Reportaje:

Los significados de la hostia

Una murga de Montilla dice que un cura les amenaza con la excomunión por sus letras

La chirigota Los Yogurines se ha asegurado un lleno el próximo domingo gracias a un cura, que, según sus componentes, les amenazó con la excomunión. Al escenario del teatro Garnelo de Montilla (Córdoba) saldrán los 12 miembros de esta murga carnavalesca. Uno irá disfrazado de sacerdote. El resto, de niñas dispuestas a tomar su primera comunión con una hostia (de guantazo, no de oblea) pintada en la cara.

Cuando el párroco de la iglesia de Santiago de Montilla, Miguel Varona, leyó la semana pasada la programación llamó a consultas a Los Yogurines. Le escamaba que su actuación se titulara Mi primera hostia (de guantazo o de oblea, según interprete el lector). El jueves, se reunieron con el sacerdote. El director de la murga, Antonio Jesús Márquez, y el resto de los componentes intentaron convencer al cura de que su murga no era malintencionada, como no lo fue la del año pasado, cuando salieron disfrazados de boxeadores y ganaron el primer premio. Márquez y sus compañeros le mostraron el estribillo al sacerdote: El cura es el boxeador que me pegó el año pasado; lo he conocido por la altura y la cara me ha sonado y vaya si me ha sonado después de la hostia [de guantazo, no de oblea] que me ha dado.

Al párroco le gustó todavía menos la letrilla. "Nos dijo que era una blasfemia", asegura Márquez. "También nos dijo que, según el derecho canónico y el catecismo, la palabra hostia sólo tiene un significado". El de oblea, no el de guantazo. El párroco, según la versión de Los Yogurines, les alertó de que se enfrentaban a la "excomunión".

El sacerdote no quiso ayer confirmar esta información. Sólo sostuvo, por teléfono, que hablará "cuando llegue el momento". Tampoco quiso decir cuándo llegará el momento. "No creo que venga a vernos, pero quizás sí lee nuestro repertorio cuando se imprima", indicó Márquez.

La mayoría de Los Yogurines ronda los 30 y participa activamente en la Semana Santa. A la mitad de la agrupación le entró el canguelo.
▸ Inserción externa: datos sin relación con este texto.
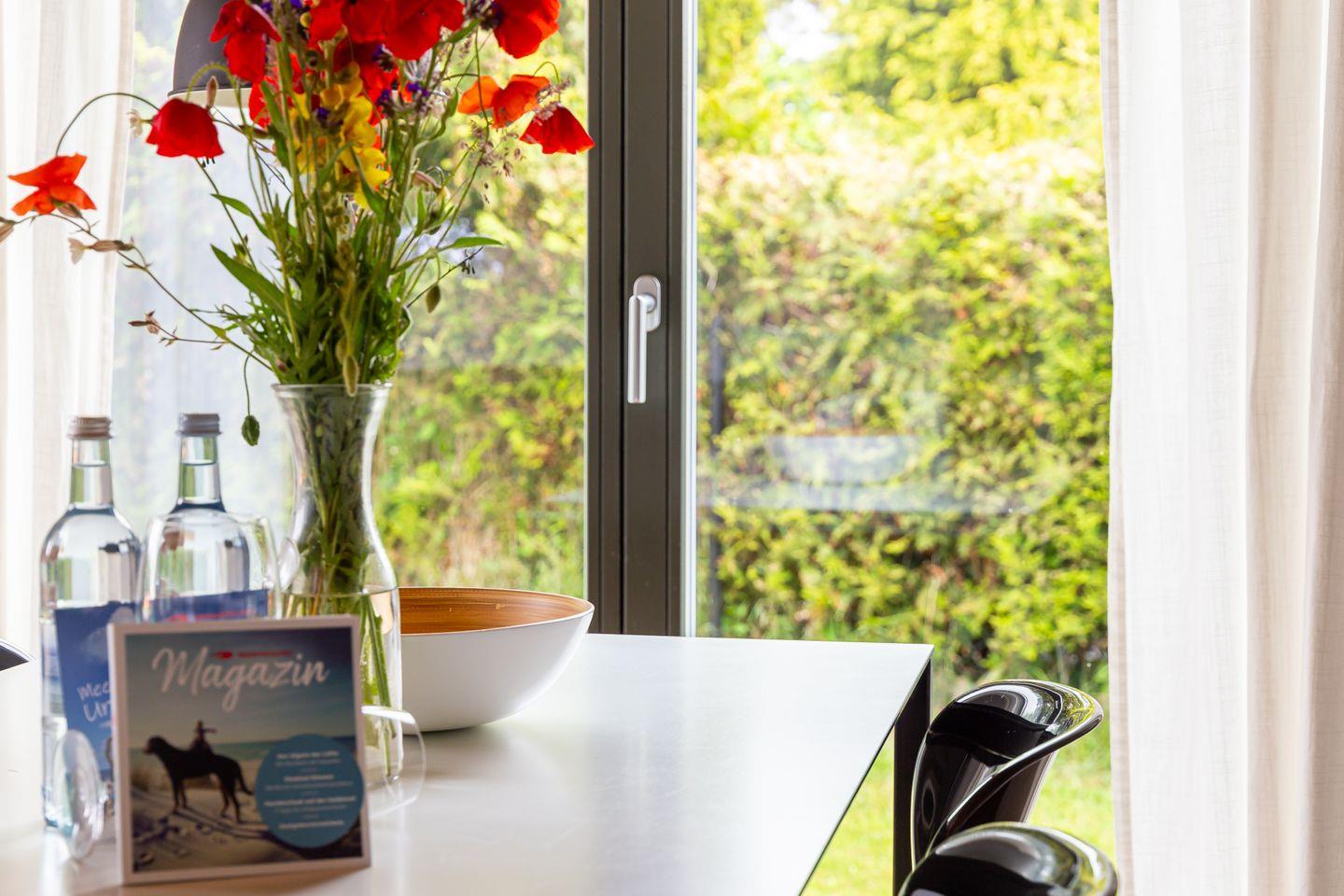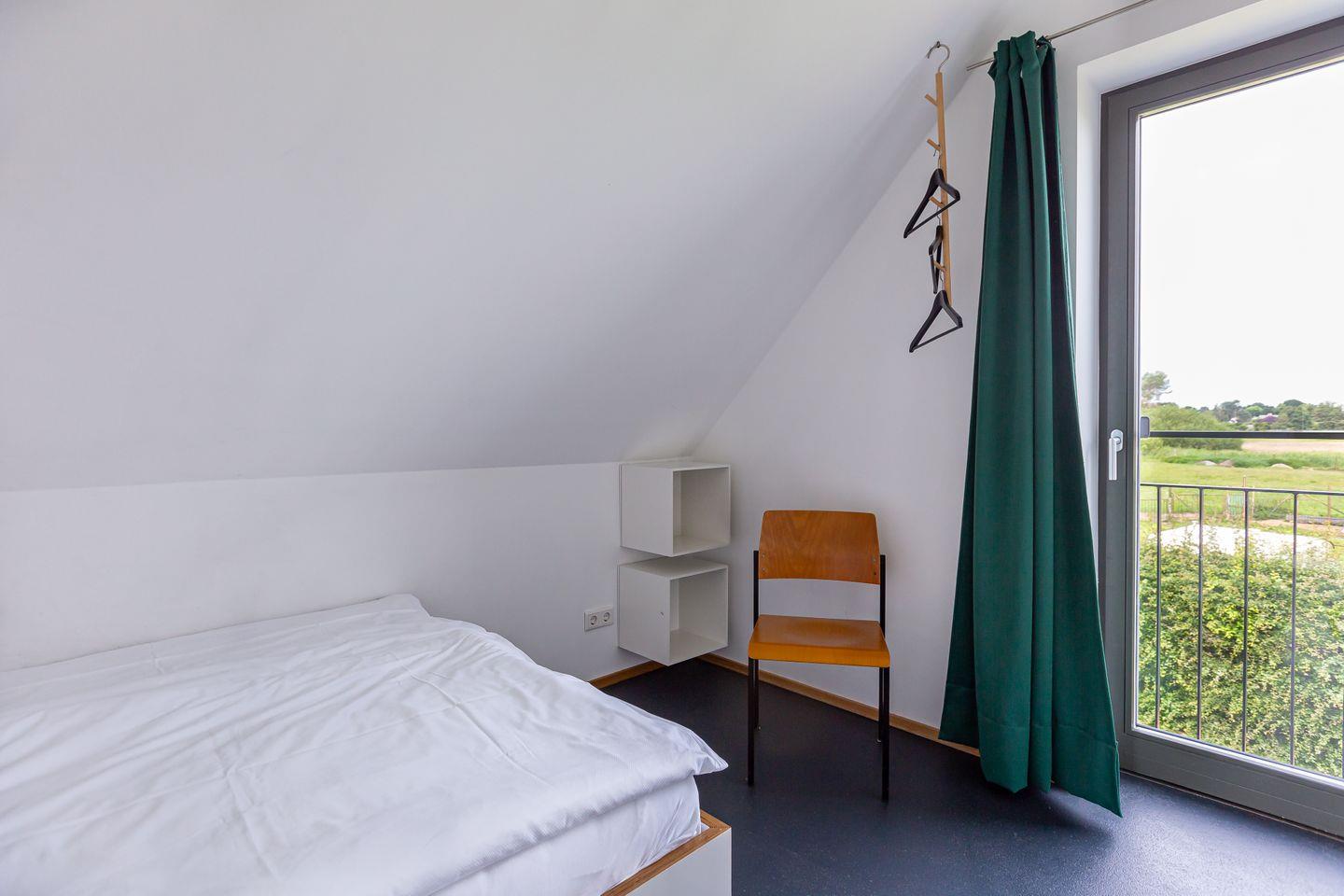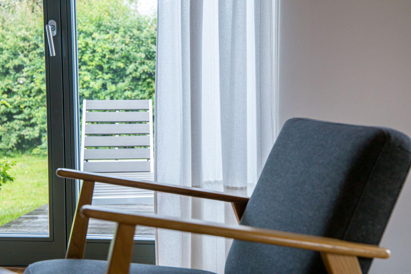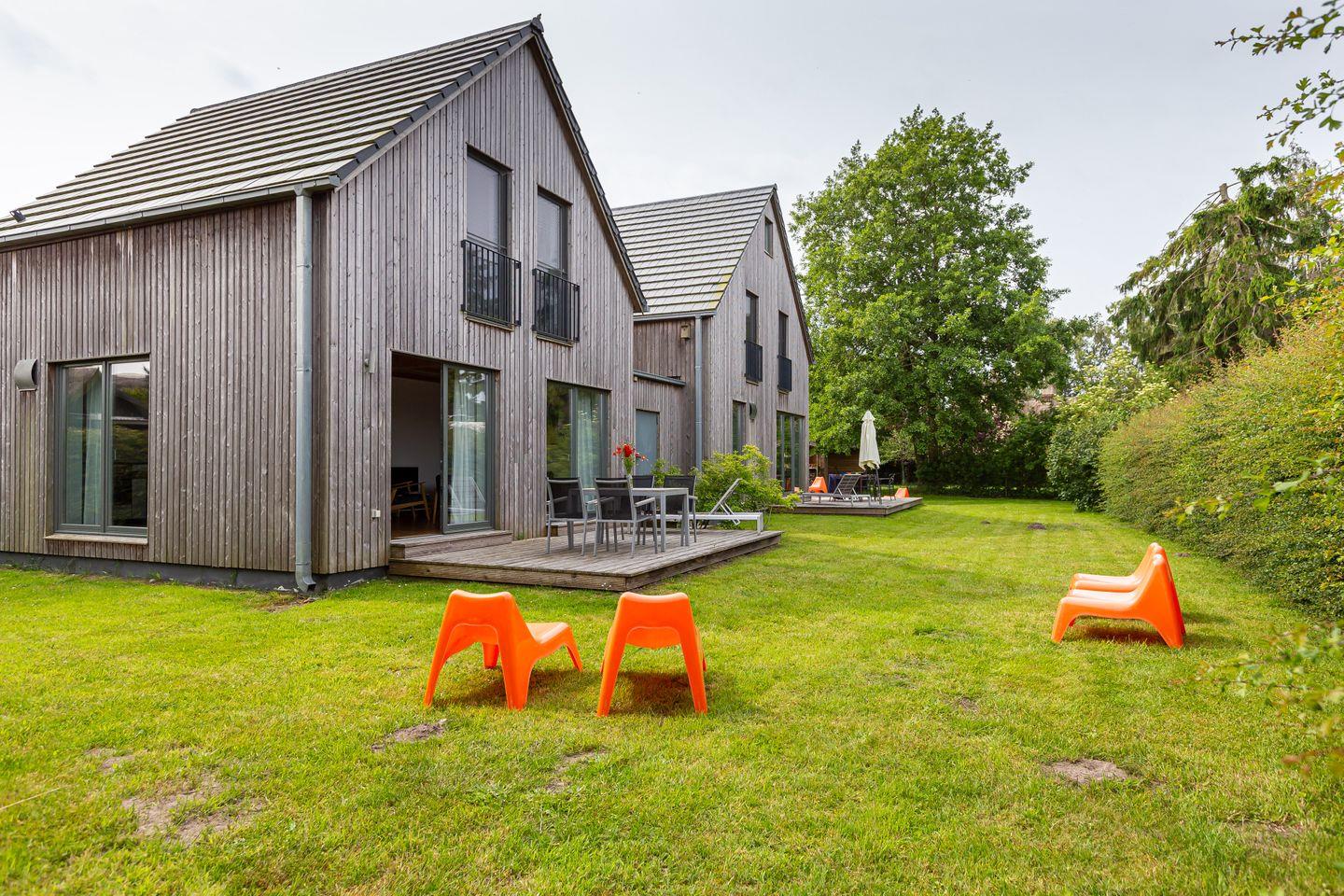 Eine moderne Architektur und ökologische Holzbauweise sind charakteristisch für dieses Landhaus nahe der Ostsee. Im Erdgeschoss erwartet dich ein großzügiger und lichtdurchfluteter Wohnraum mit klarem Design und retroinspirierten Möbeln. Mit der Holzbalkenkonstruktion in der Decke und dem Echtholzparkett wird das Naturmaterial Holz auch im Innenbereich wieder aufgegriffen und sorgt für eine tolle Wohnatmosphäre. Die Küchenzeile und der große Esstisch fügen sich harmonisch in den Wohnbereich ein. Ein begehbare Garderobe befindet sich ebenfalls auf der unteren Etage. Im Obergeschoss erwarten dich zwei cleane Schlafzimmer, die jeweils mit einem Doppelbett (180 cm und 140 cm) ausgestattet sind - handgefertigt vom Tischler. Ein modernes Badezimmer mit Dusche/WC rundet das Urlaubsdomizil perfekt ab.

Estuvieron a punto de disolverse, pero, finalmente, el domingo actuarán todos en el certamen de murgas. Guardan, como su mayor tesoro, sus tres pasodobles y seis cuplés. "Es surrealista, nos está dando publicidad a nosotros, que somos un grupo de segundo nivel", aseguró Márquez.

El Obispado cordobés también entró ayer en el asunto. Un portavoz pidió a Los Yogurines "que sean coherentes, como cristianos comprometidos" y eviten utilizar en su actuación una letra "que puede herir la sensibilidad de los cristianos".

* Este artículo apareció en la edición impresa del lunes, 05 de febrero de 2007.